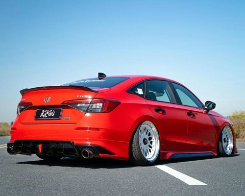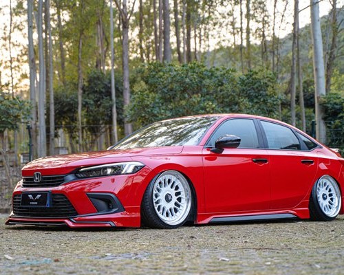 AIRBFTsuspension trendy attitude modification culture center:The 11th generation Honda Civic stancenation has a cool figure, the brand-new eleventh-generation Honda Civic will be launched in September 2021, with a brand-new design language, and the overall style is more refreshing and concise. The 11th-generation Civic we shared today should be the world’s first modified aerodynamic suspension low-lying case. The Chinese red color matches the ultra-low body posture.
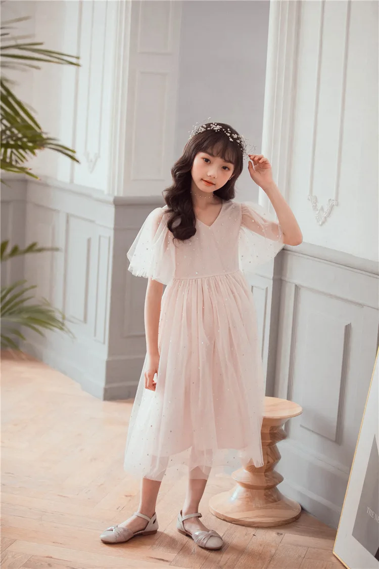 Вечерние платья для девочек-подростков 10-12 лет, бальное платье для вечеринки в честь Дня Рождения, платье принцессы с блестками, элегантный Детский костюм
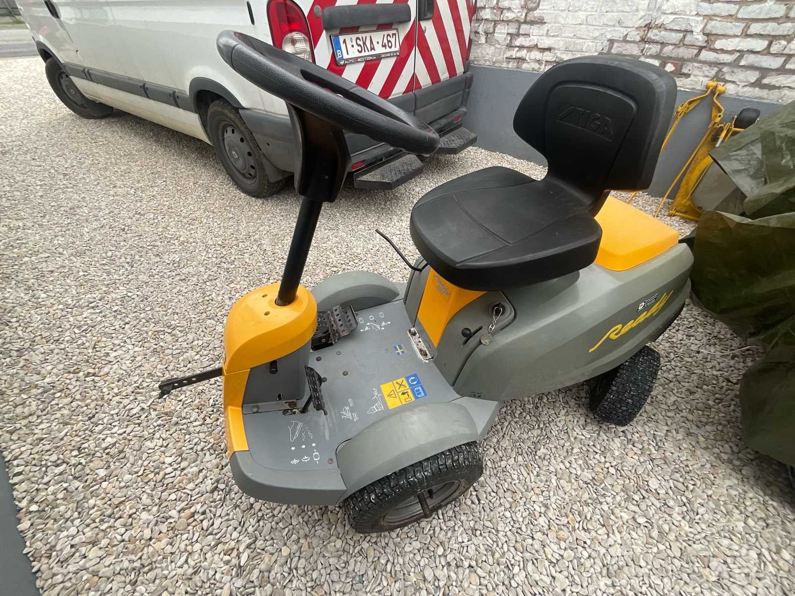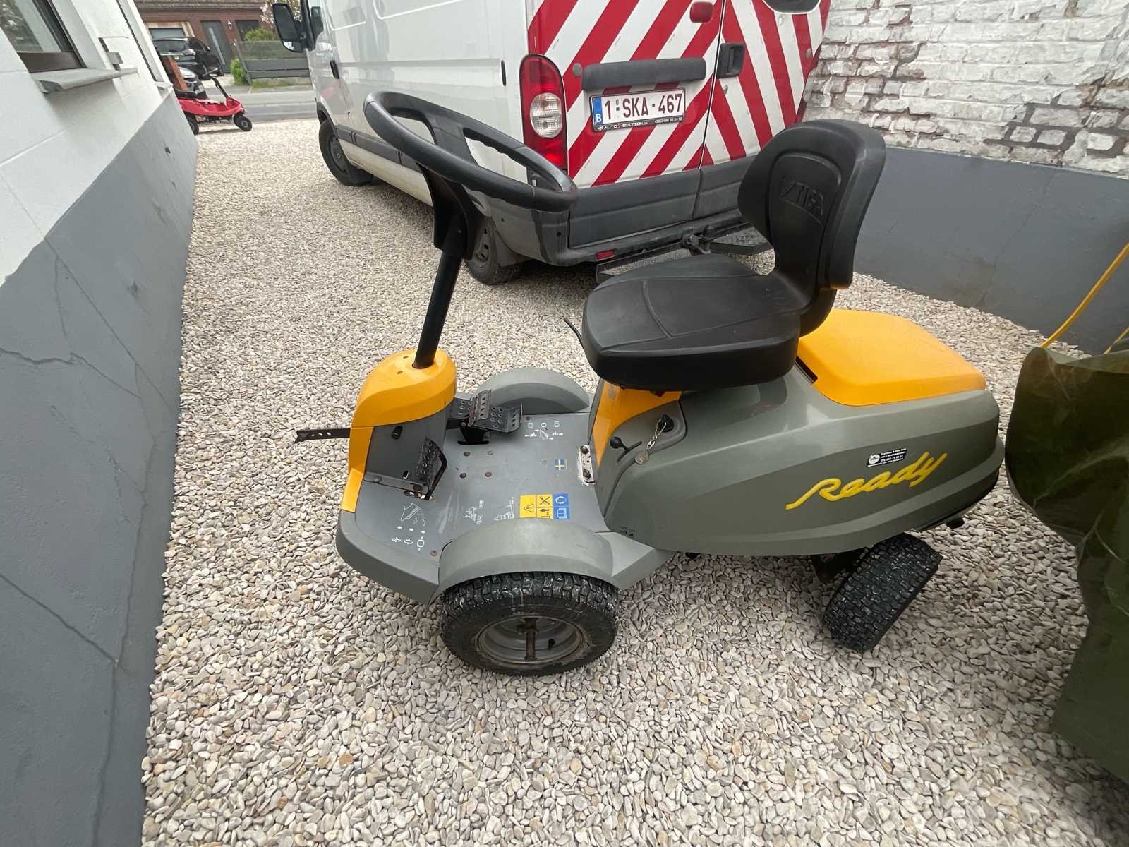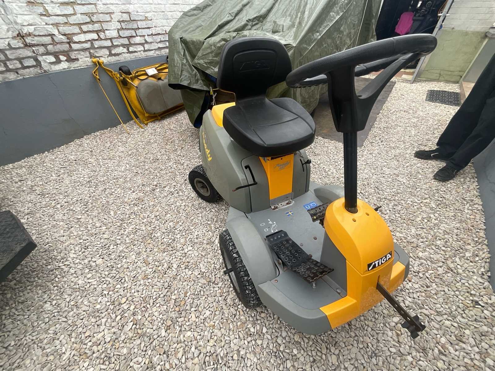STIGA Ready HST zitmaaier met voorste maaidek STIGA zitmaaier, Ready HST model, uitgerust met een 10 kW Briggs & Stratton motor. Een machine met hydrostatische transmissie en gearticuleerde besturing die uitstekende wendbaarheid garandeert. Uitgerust met een voorste snijdek met twee bladen (werkbreedte ca. 85 cm). Dienblad met nieuwe messen. Demonteerde snijband (huidig). Voorste montagesysteem inbegrepen. Gebruikte staat met tekenen van slijtage en oppervlaktecorrosie. Snijdek in de juiste staat. Batterij aanwezig. Aanvullende informatie: * Merk: STIGA * Model: Ready HST * Jaar: 2005 * Serienummer: 0511220204 * Locomotief: Briggs & Stratton * Vermogen: 10 kW * Transmissie: hydrostatisch * Snijbreedte: ca. 85 cm * Sleutel: Heden Notities: Geteste en functionele machine No Merk: STIGA Type: Ready HST (hydrostatique) Bouwjaar: 2005 Serienummer: 05112202 Werkbreedte: 850mm Zitmaaier: true Benzinemotor: true Brandstof: Benzine Motorvermogen (kW): 10kW
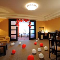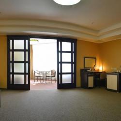 В комплектацию "Стандартных" номеров входят такие удобства, как телевизор, кондиционер, телефон, сейф, швейный набор, мини-бар, доступ в Интернет; в ванных комнатах - ванная, душ, туалетные принадлежности (мыло, шампунь, гель для душа, шапочка для душа). В номерах класса "Люкс Премиум" дополнительно - гостиная с мягкой мебелью, кофе-машина, кофейный столик, шкаф-купе.
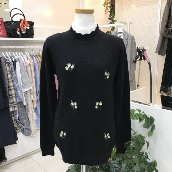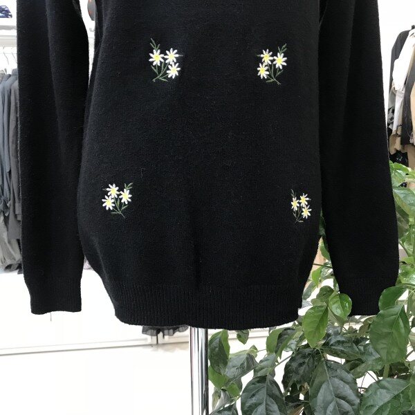 네크 배색 앞판 자수 니트 티셔츠입니다하이넥 카라로 배색 처리가 되어 여성스러우면서 고급스러운 디자인의 니트 티셔츠랍니다도톰한 원단감으로 따뜻하고 부드러운 소재로 착용감이 좋답니다꽃자수 포인트로 밋밋하지 않고 이너로 활용하시기 좋답니다사이즈 FREE가슴둘레 45cm총장 62cm
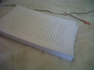 I so seriously need to get a less sucky title for this novel, but jawellnofine, I finished the manuscript in the wee hours last night. Mainly in a fit of pique. See the pretty picture? That's all 189 pages printed out and the happy new red pen I bought to do the job. Our plucky griffin, Silas, will undergo the red pen. I'm trying something a little different with this novel and printing out the pages so  feel more inclined to edit the living hell out of the manuscript.Oh, and yeah, I have to have this ready by January 14 since I'll be entering this into ABNA next year. 'Cos that's just the way I roll. Current state of the MS stands at 55 000 words. It will be interesting to see what it's going to look like once I'm done.
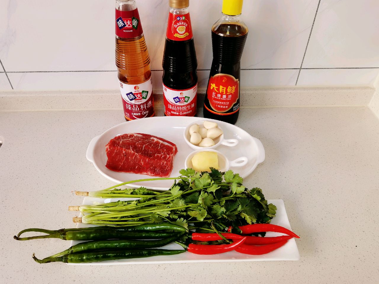 辅料:味达美臻品特级生抽1勺、六月鲜红烧酱油1勺、香菜3棵、线椒4个、红小米椒5个、蒜6瓣、生姜1块
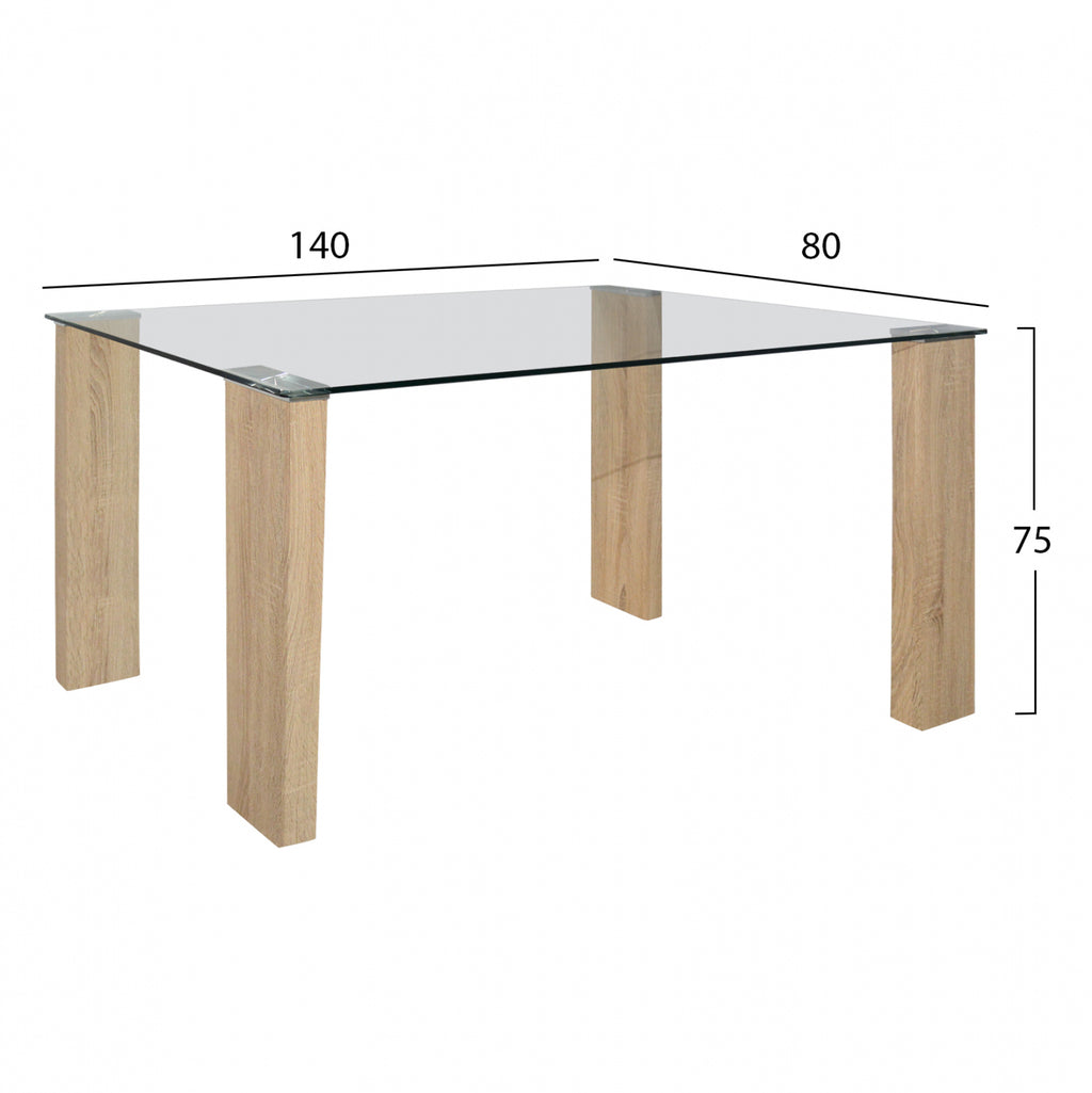 КОМПЛЕКТЪТ ВКЛЮЧВА Маса MORGAN, специален и модерен вариант, който да изберете за вашия дом. Комбинация от стъкло и дърво. Стъклото е безопасно 10мм, а краката са от мдф дърво. Цвят на стъклото: Прозрачен Цвят на дървото: Сонама Размери: 140х80х75 см. И 4 кресла LEAH от кадифена дамаска в нюанс кипарис. Краката са метални, боядисани, за да придадат вид на дърво. Размери: 51х58х80 см. Височина на седалката: 48см.
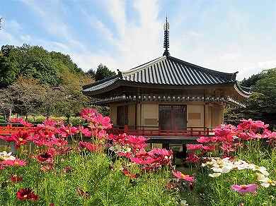 特徴: 法起寺の周囲に広がるコスモス畑が、歴史的遺産と共に美しい風景を作り出します。特に三重塔を背景にしたコスモスは絶好の撮影スポットです。
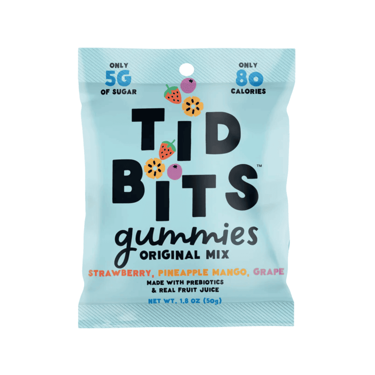 Meet the original sweet squad: TIDBITS Low Sugar Gummies Original Mix brings you a mouthwatering medley of strawberry, pineapple, mango, and grape in one brilliantly chewy bag. And the best part? This fruity quartet is low sugar candy at its finest. Just 5g of sugar, 80 calories, and zero guilt.

## [What to produce]
All entries must be written out again exactly as given, with no pictures in the copy.

## [Solution below]
 AIRBFTsuspension trendy attitude modification culture center:The 11th generation Honda Civic stancenation has a cool figure, the brand-new eleventh-generation Honda Civic will be launched in September 2021, with a brand-new design language, and the overall style is more refreshing and concise. The 11th-generation Civic we shared today should be the world’s first modified aerodynamic suspension low-lying case. The Chinese red color matches the ultra-low body posture.
 Вечерние платья для девочек-подростков 10-12 лет, бальное платье для вечеринки в честь Дня Рождения, платье принцессы с блестками, элегантный Детский костюм
STIGA Ready HST zitmaaier met voorste maaidek STIGA zitmaaier, Ready HST model, uitgerust met een 10 kW Briggs & Stratton motor. Een machine met hydrostatische transmissie en gearticuleerde besturing die uitstekende wendbaarheid garandeert. Uitgerust met een voorste snijdek met twee bladen (werkbreedte ca. 85 cm). Dienblad met nieuwe messen. Demonteerde snijband (huidig). Voorste montagesysteem inbegrepen. Gebruikte staat met tekenen van slijtage en oppervlaktecorrosie. Snijdek in de juiste staat. Batterij aanwezig. Aanvullende informatie: * Merk: STIGA * Model: Ready HST * Jaar: 2005 * Serienummer: 0511220204 * Locomotief: Briggs & Stratton * Vermogen: 10 kW * Transmissie: hydrostatisch * Snijbreedte: ca. 85 cm * Sleutel: Heden Notities: Geteste en functionele machine No Merk: STIGA Type: Ready HST (hydrostatique) Bouwjaar: 2005 Serienummer: 05112202 Werkbreedte: 850mm Zitmaaier: true Benzinemotor: true Brandstof: Benzine Motorvermogen (kW): 10kW
 В комплектацию "Стандартных" номеров входят такие удобства, как телевизор, кондиционер, телефон, сейф, швейный набор, мини-бар, доступ в Интернет; в ванных комнатах - ванная, душ, туалетные принадлежности (мыло, шампунь, гель для душа, шапочка для душа). В номерах класса "Люкс Премиум" дополнительно - гостиная с мягкой мебелью, кофе-машина, кофейный столик, шкаф-купе.
 네크 배색 앞판 자수 니트 티셔츠입니다하이넥 카라로 배색 처리가 되어 여성스러우면서 고급스러운 디자인의 니트 티셔츠랍니다도톰한 원단감으로 따뜻하고 부드러운 소재로 착용감이 좋답니다꽃자수 포인트로 밋밋하지 않고 이너로 활용하시기 좋답니다사이즈 FREE가슴둘레 45cm총장 62cm
 I so seriously need to get a less sucky title for this novel, but jawellnofine, I finished the manuscript in the wee hours last night. Mainly in a fit of pique. See the pretty picture? That's all 189 pages printed out and the happy new red pen I bought to do the job. Our plucky griffin, Silas, will undergo the red pen. I'm trying something a little different with this novel and printing out the pages so  feel more inclined to edit the living hell out of the manuscript.Oh, and yeah, I have to have this ready by January 14 since I'll be entering this into ABNA next year. 'Cos that's just the way I roll. Current state of the MS stands at 55 000 words. It will be interesting to see what it's going to look like once I'm done.
 辅料:味达美臻品特级生抽1勺、六月鲜红烧酱油1勺、香菜3棵、线椒4个、红小米椒5个、蒜6瓣、生姜1块
 КОМПЛЕКТЪТ ВКЛЮЧВА Маса MORGAN, специален и модерен вариант, който да изберете за вашия дом. Комбинация от стъкло и дърво. Стъклото е безопасно 10мм, а краката са от мдф дърво. Цвят на стъклото: Прозрачен Цвят на дървото: Сонама Размери: 140х80х75 см. И 4 кресла LEAH от кадифена дамаска в нюанс кипарис. Краката са метални, боядисани, за да придадат вид на дърво. Размери: 51х58х80 см. Височина на седалката: 48см.
 特徴: 法起寺の周囲に広がるコスモス畑が、歴史的遺産と共に美しい風景を作り出します。特に三重塔を背景にしたコスモスは絶好の撮影スポットです。
 Meet the original sweet squad: TIDBITS Low Sugar Gummies Original Mix brings you a mouthwatering medley of strawberry, pineapple, mango, and grape in one brilliantly chewy bag. And the best part? This fruity quartet is low sugar candy at its finest. Just 5g of sugar, 80 calories, and zero guilt.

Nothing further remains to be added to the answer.